#### [The task]
Restate, word for word and with no pictures, the stretch of lines in the data below that begins at the line with "3. Video Record" and ends at the line with "Крупнейший порносайт PornHub", inclusive.
── Entries supplied
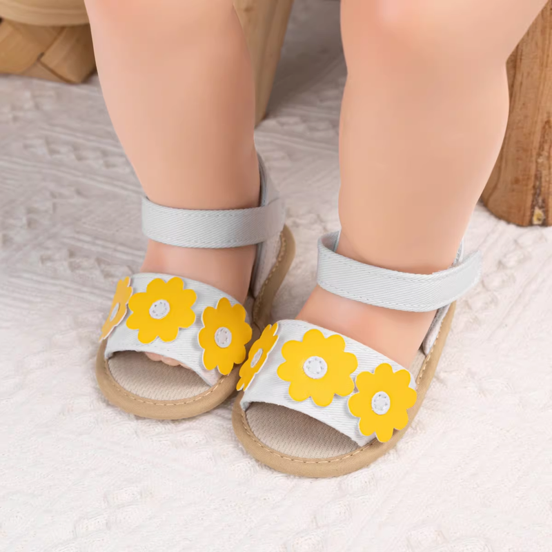Made with soft, lightweight materials, they provide breathable comfort for tiny feet throughout the day. The cushioned insole offers gentle support, while the adjustable hook-and-loop ankle strap ensures a secure and easy fit. The flexible sole allows natural movement, making them perfect for walking, playing, and summer outings.
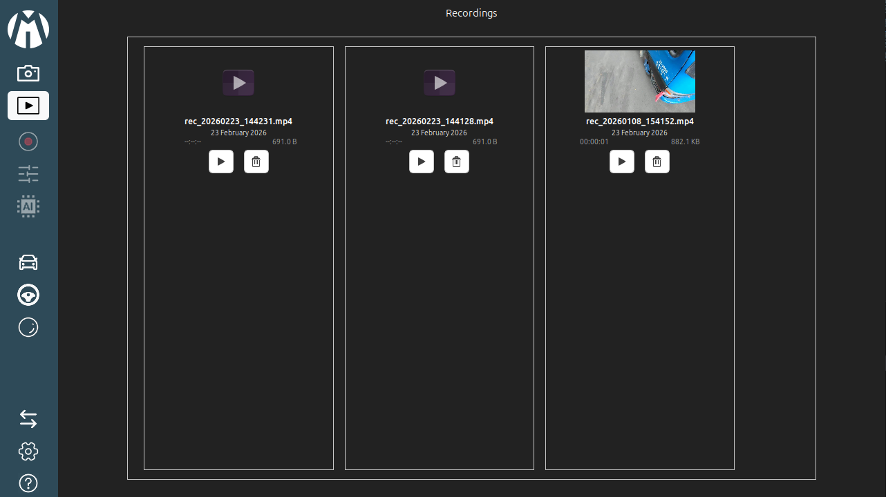 3. Video Record : The Video Recording interface allows users to capture and save processed footage from either live camera feeds or media sources.
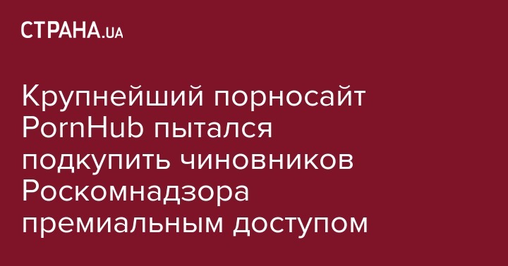 Крупнейший порносайт PornHub пытался подкупить чиновников Роскомнадзора премиальным доступом
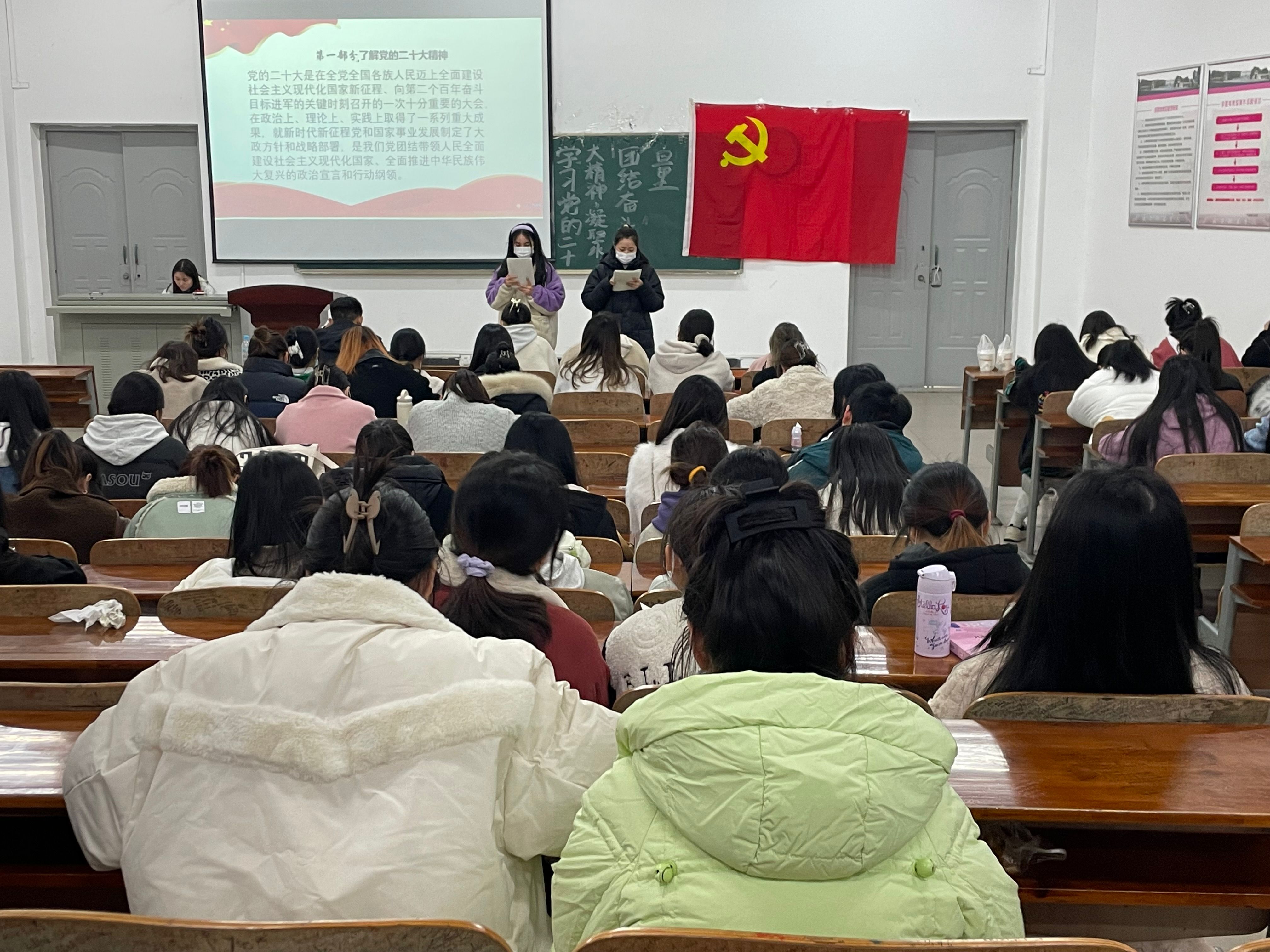 党的二十大是在全党全国各族人民迈上全面建设社会主义现代化国家新征程、向第二个百年奋斗目标进军的关键时刻,为党和国家指明了方向,召开的一次十分重要的大会。为带领大家展开学习,全面理解、深刻领悟大会主题,2138CC太阳集团学工党支部开展“学习党的二十大精神,凝聚团结奋斗力量”主题党日活动。此次活动于2月21日中午12点整在2138CC太阳集团101教室开展,参与此次活动的人员有2138CC太阳集团学工党支部全体成员。
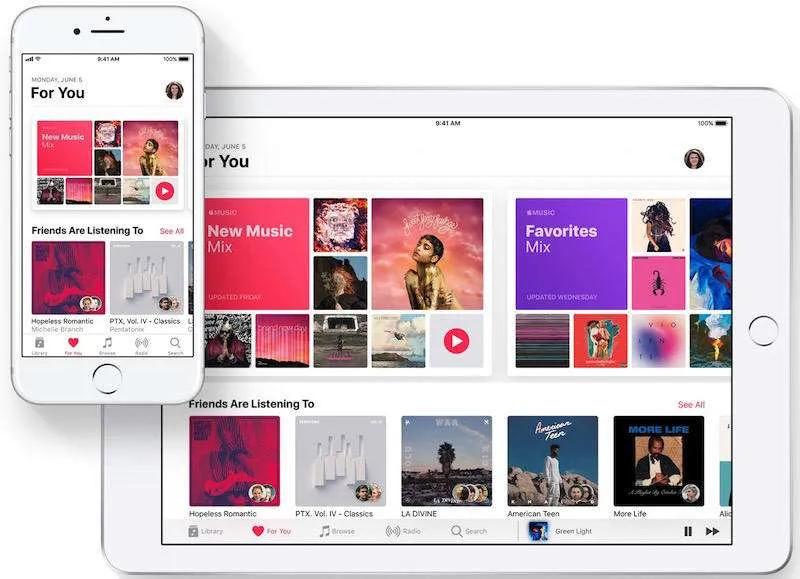 در آی‌اواس ۱۱ می‌توانید پلی‌لیست، خواننده و آهنگ مورد علاقه‌تان را با دوستان خود به اشتراک بگذارید و ایستگاه‌های رادیو‌یی که دیگران بیشتر به آن‌ها گوش می‌دهند را مشاهده کنید.
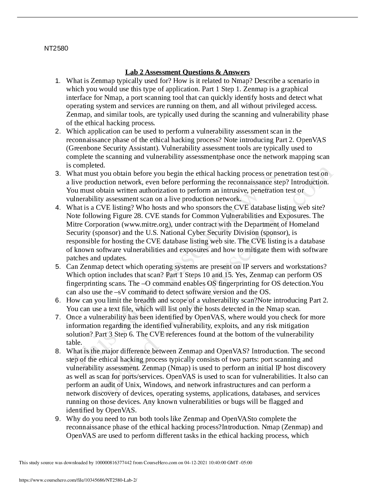 Information Technology > QUESTIONS & ANSWERS > ITT Tech Grand Rapids - NT 2580NT2580 Lab #2 (All)
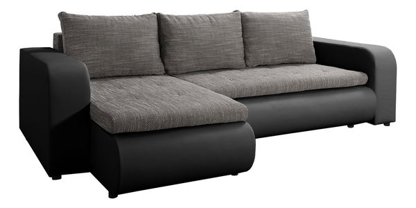 Na plastičnim nogama, isporučuje se s tri jastuka, na razvlačenje, kutna, potpuno tapecirana, s prostorom za odlaganje, lijevo usmjerenje
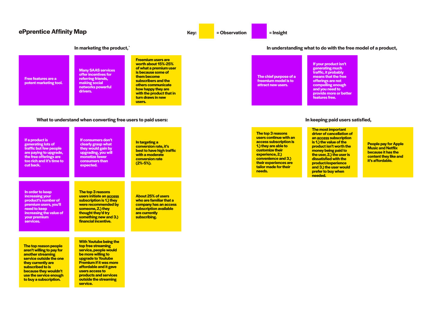 Goal: With a foundation of exploratory questions and supporting evidence established, the next goal was to organize and interpret the research data to identify what mattered most to users. The focus shifted to uncovering insights, defining problem scopes and shaping clear design direction that would inform how free users could be guided toward premium conversion.Methods Used:Affinity Mapping- I grouped research observations and user feedback such as behaviors, motivations and frustrations to uncover themes & insights.- Affinity mapping would expose unseen connections between free feature use, upgrade interest and long-term retention.User Personas- I created personas representing core user segments of the Epprentice platform with distinct subscription-related goals and motivations.- User personas clarified who the design served and ensured future solutions matched user needs and business goals.Problem Statement Generation- I synthesized insights from mapping and personas into clear problem statements focused on conversion pain points.- How Might We (HMW) questions turned complex data into actionable design targets by reframing user frustrations as opportunities for value creation.
────
#### [Answer section]
 3. Video Record : The Video Recording interface allows users to capture and save processed footage from either live camera feeds or media sources.
 Крупнейший порносайт PornHub пытался подкупить чиновников Роскомнадзора премиальным доступом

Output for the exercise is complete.